[Tfug] disk usage mystery..

JD Rogers rogersjd at gmail.com
Tue Mar 13 19:56:43 MST 2012


Narrowed down the problem.. lightdm or at least something related to X.

If I switch to a virt term and "stop lightdm" the disk is still full,
but ps shows that lightdm doesn't fully exit because of pulseaudio. So
I "killall pulseaudio" and bam! I have 1GB free. No reboot needed and
its not a system/kernel bug. Still no sign of what file is actually
taking up 1GB of space, even using lsof. FWIW, killing pulseaudio
without shutting down x and stopping lightdm has no affect.

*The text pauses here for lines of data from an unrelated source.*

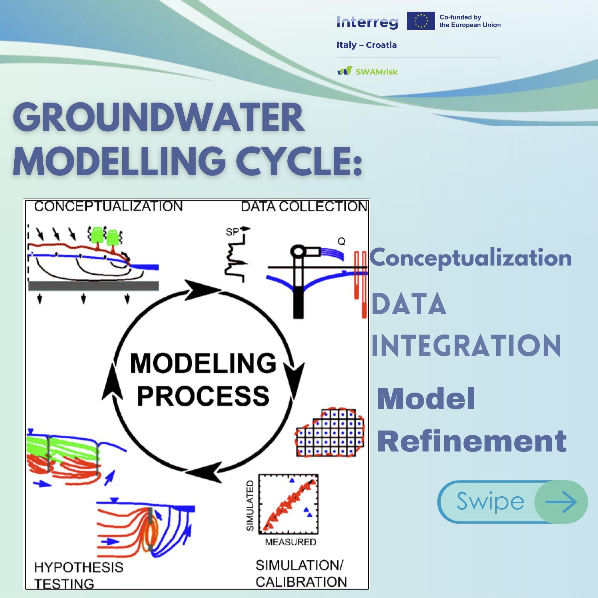 The process starts with a conceptual model that defines subsurface geometry, boundaries, and hydrogeological properties based on field and geophysical data. This framework is then translated into a mathematical model to predict groundwater dynamics. A key challenge is that end-users often struggle to understand the model’s assumptions and limitations if not directly involved in its development.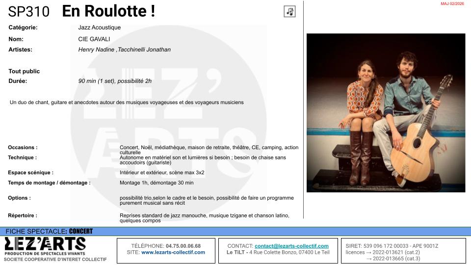 Technique : si besoin, le duo est autonome en matériel son pour un concert acoustique amplifié.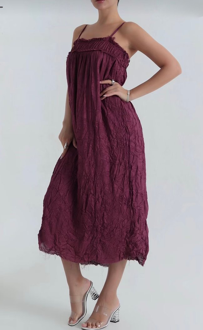 Bordo renkli keten kumaştan yapılmış, uzun ve salaş kesim askılı elbisedir. Dökümlü tasarımıyla bohem tarzı yansıtır. Kolsuz ve desensizdir, günlük ve özel gün kullanıma uygundur. Marka TEMSİLİ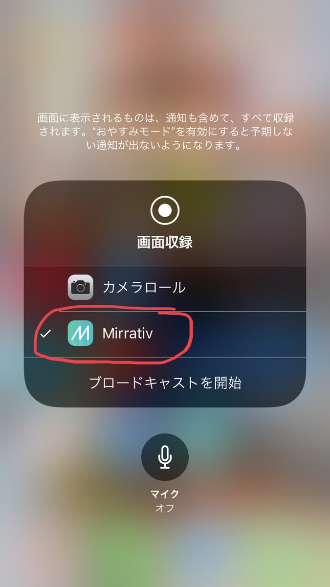 「Mirrativ」のアイコンを選択してブローキャストを開始をタップすると、即座に配信が開始されます。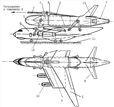 После отрыва самолета 8 от ВПП 11 одновременно от ТРП 5 производится по команде от системы управления отделение ракеты-носителя 1 и начало полета самолета 8 в район пуска ракеты-носителя 1.
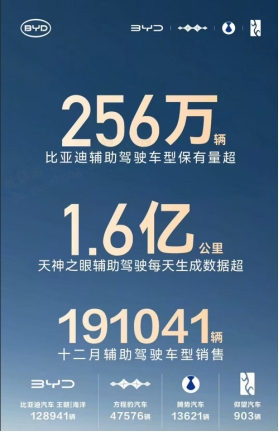 产品力的全面进阶为销量护航,智驾技术成为加分项。截至 2025 年 12 月,比亚迪辅助驾驶车型累计保有量超 256 万辆,稳居中国车企第一。“天神之眼” 智驾系统日均生成 1.6 亿公里数据,94.13% 的激活比例印证用户认可,12 月单月辅助驾驶车型销量近 19.1 万辆,其中王朝&海洋系列贡献 12.89 万辆,高端车型表现亮眼。全年 933 万次 AEB 自动紧急刹车触发,以及泊车安全损失兜底承诺,让智驾成为用户购车核心考量。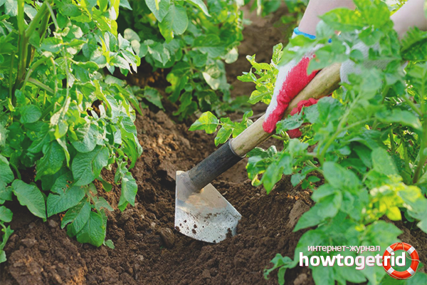 - With a seedling height of 9-12 cm, the bushes spud. The soil is scooped up with a chopper from the center of the circle.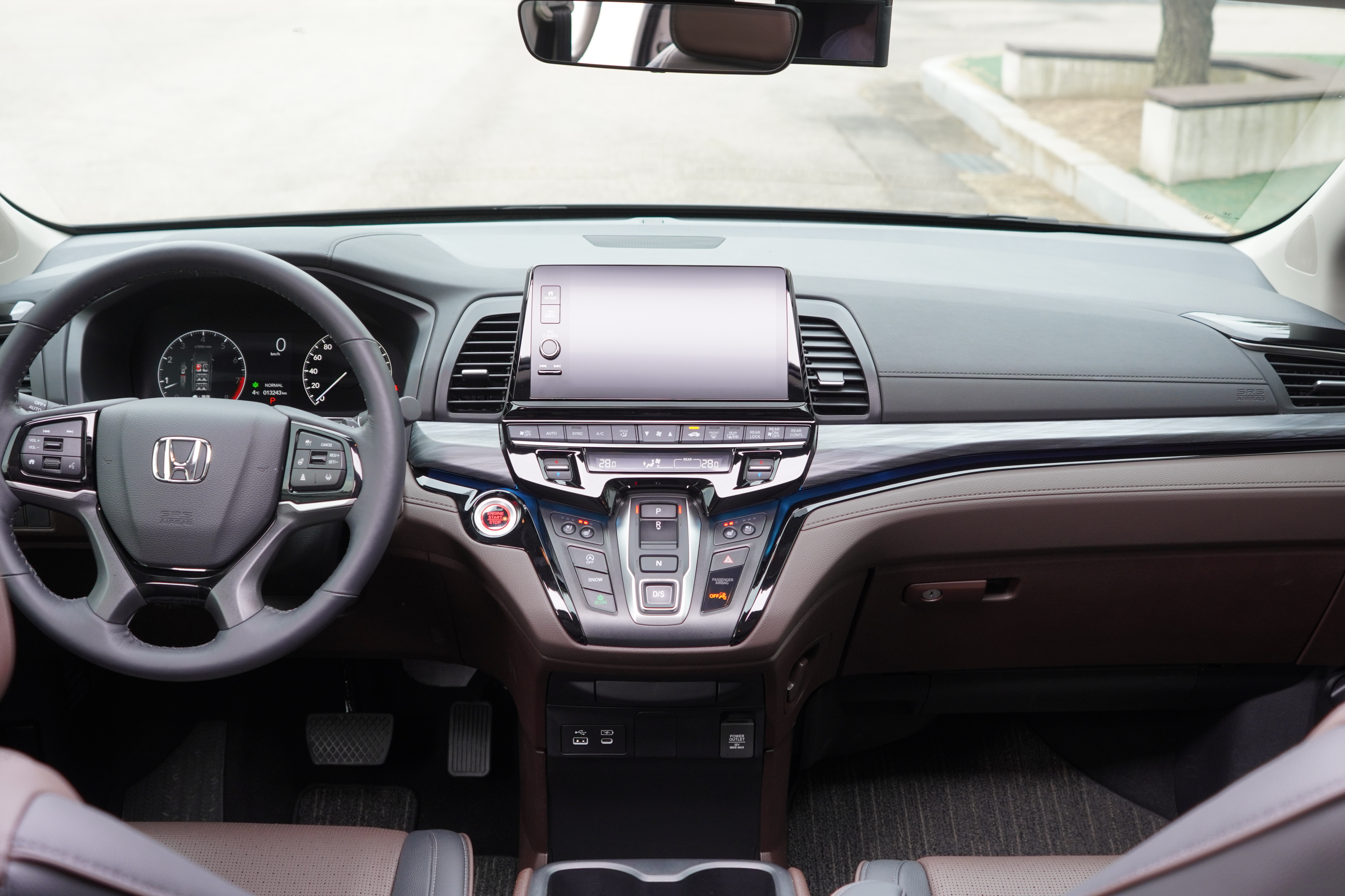 [1열 공간: 버튼 하나에도 이유가 있다] 운전석에 앉으면 가장 먼저 눈에 띄는 것은 센터페시아의 버튼들입니다. 요즘 차들이 터치스크린으로 모든 것을 통합하는 추세지만, 오딧세이는 직관적인 물리 버튼을 고수합니다.
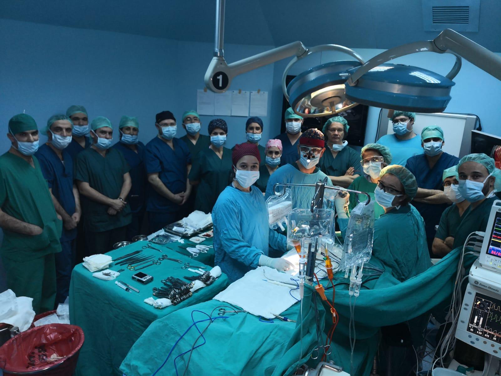 Ankara Üniversitesi ameliyathanesinde öğrenciler Prof.Dr Babür Küçük, Prof Dr Kürşat Gökcan, Op.Dr Zahide Ciler Büyükatalay ve ekibi tarafından gerçekleştirilen bil.total tiroidektomi+santral boyun diseksyonu, bilateral selektif boyun diseksiyonu+suprakrikoid larenjektomi, bil. Total Tiroidektomi, servikal Pl. Kökenli Schwannom eksizyonu ameliyatlarını ilgiyle izlediler.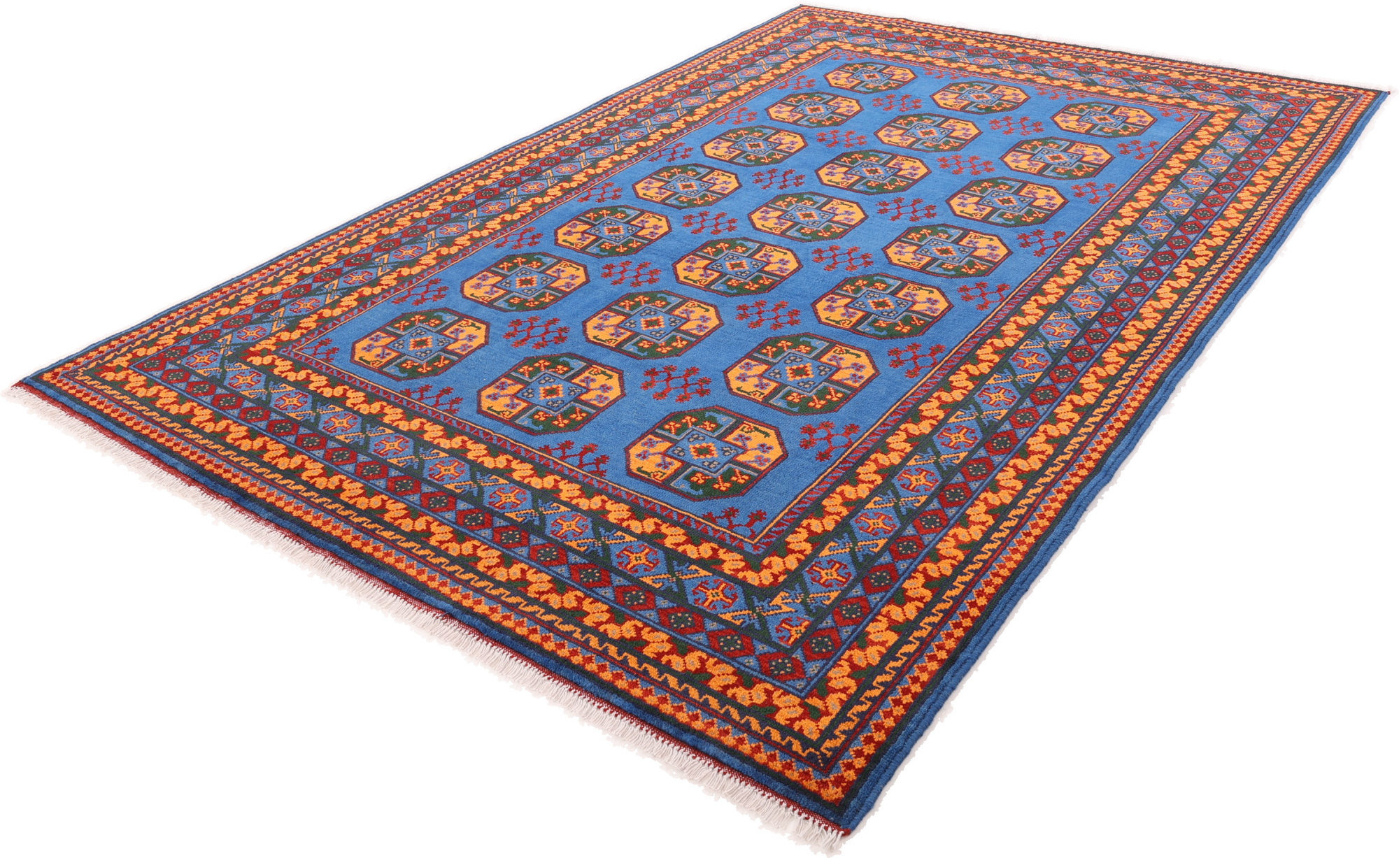 Afghanische Teppiche: Teppiche und Kelims haben in Afghanistan eine lange Tradition. Im Gegensatz zu persischen Teppichen sind Afghan Teppiche meist in geometrischen Mustern und ruhigeren Farben gehalten. Die Knüpfung der Teppiche ist fest und flachflorig.

On a whim, I tried using gdm instead of lightdm and got all excited
because it appeared to work fine for a day, but I see my free disk
space is plummeting at a rate of about 3MB every minute as I type
this.

JDR

On Thu, Mar 8, 2012 at 8:34 AM, JD Rogers <rogersjd at gmail.com> wrote:
> On Tue, Mar 6, 2012 at 8:32 AM, JD Rogers <rogersjd at gmail.com> wrote:
>>> If you have the time, I would suggest rebooting (or using telinit to
>>> switch) into a single user run level.  Then you should just have the
>>> kernel, init, and your shell running.  If it is *still* leaking, then
>>> it seems that perhaps you have a kernel bug?
>>
>> Not a bad idea.. I may try that when I can.. probably wednesday.
>
> Haven't had a chance to wait a day in single user mode yet, but I did
> try "telinit 1" with interesting results. The disk was full but after
> entering runlevel 1, the disk had 900MB free.
>
> The disk was freed up even though switching to singleuser mode did not
> unmount the ecryptfs homedir.  I think the errors I was seeing from
> ecryptfs are unrelated to the disk usage issue. The fact that if I
> don't start firefox, those errors never arise points to that, but for
> a conclusive test I'll have to try letting the disk fill up while not
> ever starting FF.
>
> In any case, there certainly seems to be a process somewhere that is
> tying up diskspace, but the fact that it does not show up using lsof
> or du is very perplexing. I guess the next step will be waiting for a
> full disk and then killing daemons and processes recklessly until I
> see a change. Then maybe I'll try the no FF thing or maybe waiting in
> singleuser mode to see if the disk fills.
>
> Still a very strange issue.
>
>> [snip]
>>> Here's another shot in the dark: if it *is* in fact a kernel file
>>> system bug, then perhaps it is related the the ext4 journal?  I should
>>> think it has a relatively small maximum size, but maybe it is growing
>>> out of control and this data is released by an unmount?  Seems like
>>> you would encounter other effects from this, though.
>>>
>>> Another unlikely but possible culprit could be ecryptfs.  You didn't
>>> say if /home (or wherever the encrypted data is stored) is on its own
>>> partition.  If it is sharing space with root, maybe it's using up the
>>> extra space somehow?
>>
>> I'm leaning towards ecryptfs. Sheepishly, I must admit I didn't notice
>> this earlier.. I am apparently also getting bazillions of these in my
>> logs:
>> [ 8923.440844] Valid eCryptfs headers not found in file header region
>> or xattr region
>> [ 8923.440849] Either the lower file is not in a valid eCryptfs
>> format, or the key could not be retrieved. Plaintext passthrough mode
>> is not enabled; returning -EIO
>>
>> I found a few bug reports that mostly seem to be duplicates of
>> https://bugs.launchpad.net/ecryptfs/+bug/509180
>> but my symptoms are not really the same, and this might be totally
>> unrelated, because these errors stop when I close firefox. Yet the
>> disk usage does not resolve itself.
>>
>> It appears I have some more digging to do. At least I feel like I have
>> some things to try. Thanks for the suggestions!